Suggestions? Ideas?  Kleenex to wipe tears off?

ananda's picture
ananda

Hi Sally,

Authentic crumpets here in the UK use a combination of teasted pre-ferment plus a bicarb solution to let the batter down just prior to griddling.

You could look at my more detailed post here, although no sourdough goes anywhere near this, I should advise in advance.
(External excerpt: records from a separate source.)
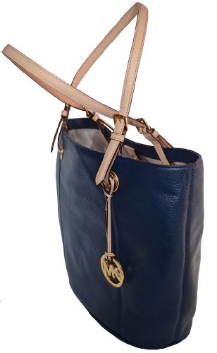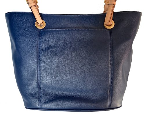 -. Binding : Apparel -. Brand : -. ClothingSize : Large -. Color : Navy -. Department : womens -. EAN : 0887042155468 -. Feature : Authentic Navy Leather with Tan Leather Trim / 10.5" Drop Double Leather Straps with Hangtag / Measures : 12" B / 16" T (L) x 11.5" (H) x 5.5" (D) / Magnatic Snap Closure. Back Slip Pocket / signature lining with one zippocket & 4 slip pockets -. ProductGroup : Shoes -. ProductTypeName : SHOES -. Size : Large -. Title : Jet Set Item Genuine Leather Large Tote Shoulder Bag Purse (Navy) -. UPC : 887042155468
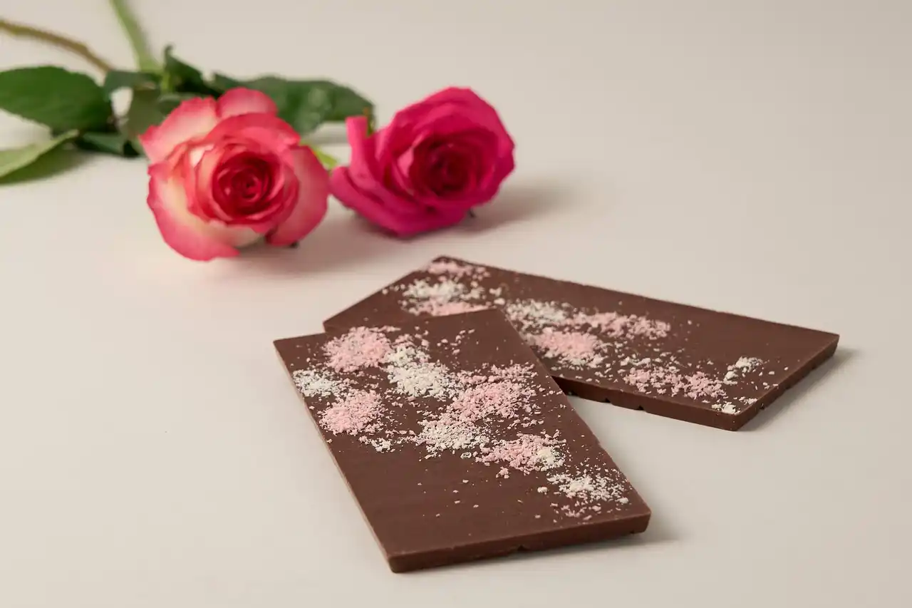 土台となるのは、赤いベリーのような爽やかな酸味が特徴のマダガスカル産カカオ。ローズオイルの優雅な香りを引き立てるため「細挽き」製法を採用しました。酸味の角を落とし、砂糖の種類まで吟味することで、カカオの果実感とバラの香りが完璧なハーモニーを奏でる仕立てにこだわりました。 |
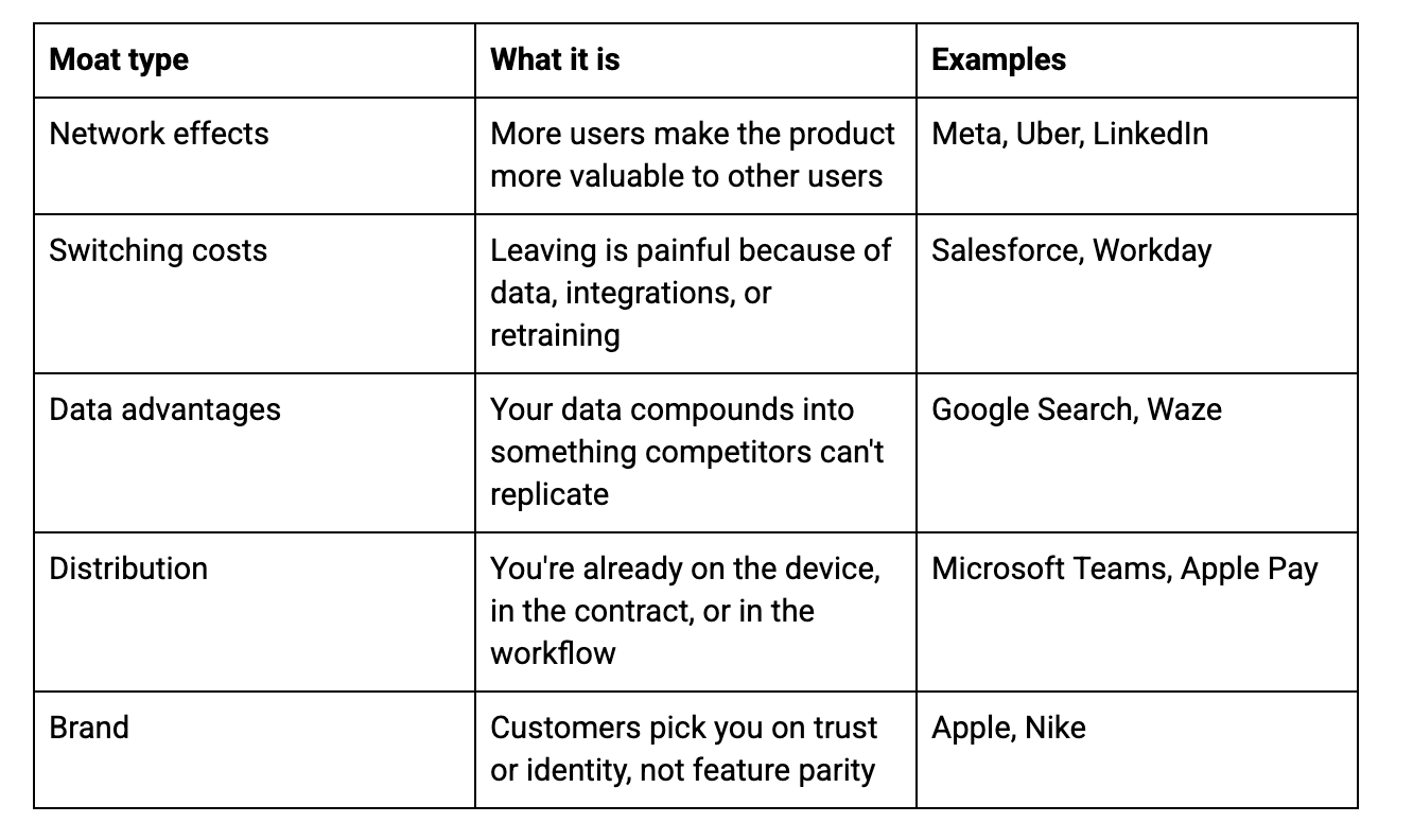 Understanding your moat is one of the most important inputs into product strategy. Your moat is a structural advantage in winning customers or keeping them - the thing competitors can’t easily copy. Good product strategy either reinforces the moat you have or builds new ones. Most companies win on one of five common moats:

See: http://www.thefreshloaf.com/node/15953/crumpets-and-muffins

Best wishes

Andy

SallyBR's picture
SallyBR

Would you believe I had this bookmarked in my computer and just never got around to doing it?  The sourdough variation mesmerized me, but now I'll try this version, and report back

 

thank you!

SallyBR's picture
SallyBR

For those interested, I uploaded a few photos (quite self explanatory) to my PIcasa album

https://picasaweb.google.com/SallyBR2007/SourdoughCrumpets?authkey=Gv1sRgCKWsk8u848-wHQ#

SallyBR's picture
SallyBR

Ok, Andy....

made those today!

Much, much, MUCH better, I think I'm on the right track - now, my batter was sooooo elastic, that there was no way to scoop it out, in fact the best way was to pull a bunch of it, and let it more or less fall in the ring, then cut with scissors to prevent excess batter from dripping in.   Tricky to explain, but maybe you get what I mean

My mistake this time was to fill some of the rings too much - I now realize that less batter is the ticket to have the holes stay open when you flip the crumpet, because all the batter will be  more stabilized and almost fully cooked when you flip them

Thank you!  I insert two photos of today's production, my husband asked me to say a big THANK YOU from him  ;-)

ananda's picture
ananda

Hi Sally,

my best tip is to use a piping bag to deposit the batter into the rings

Best wishes

Andy

SallyBR's picture
SallyBR

I guess you have never seen me attempting to use a piping bag, right?   ;-)

 

Let's say I've got "issues" with it...  

SallyBR's picture
SallyBR

Well, so much for my assessment.... beloved husband is ooohhhing and aaahhing over those.   Go figure.

 

I still want to try the recipe from this site next weekend.  I'm sure they will turn out better, at least for my taste... ;-)

SallyBR's picture
SallyBR

if anyone is interested....

 

here is the link

 

http://bewitchingkitchen.com/2011/07/28/a-tale-of-two-crumpets/

Brotfan's picture
Brotfan

Hi Sally,

I've been wanting to try this out for ages, but couldn't find crumpet/muffin rings anywhere. Where did you get yours?

Thanks

Kirsten

SallyBR's picture
SallyBR

I bought mine at a store in town called International Pantry, the only place that had them where  I live

If I had not found it there, I would have to order online in amazon.com or other appropriate venues

They are cheap, and work very well!

hope you find them soon

anneatkins's picture
anneatkins

I make them using 3 or 4 safety opened (I invested in a can opener that removes the tops completely, much nicer), cleaned out (run through dishwasher!) greased tuna cans.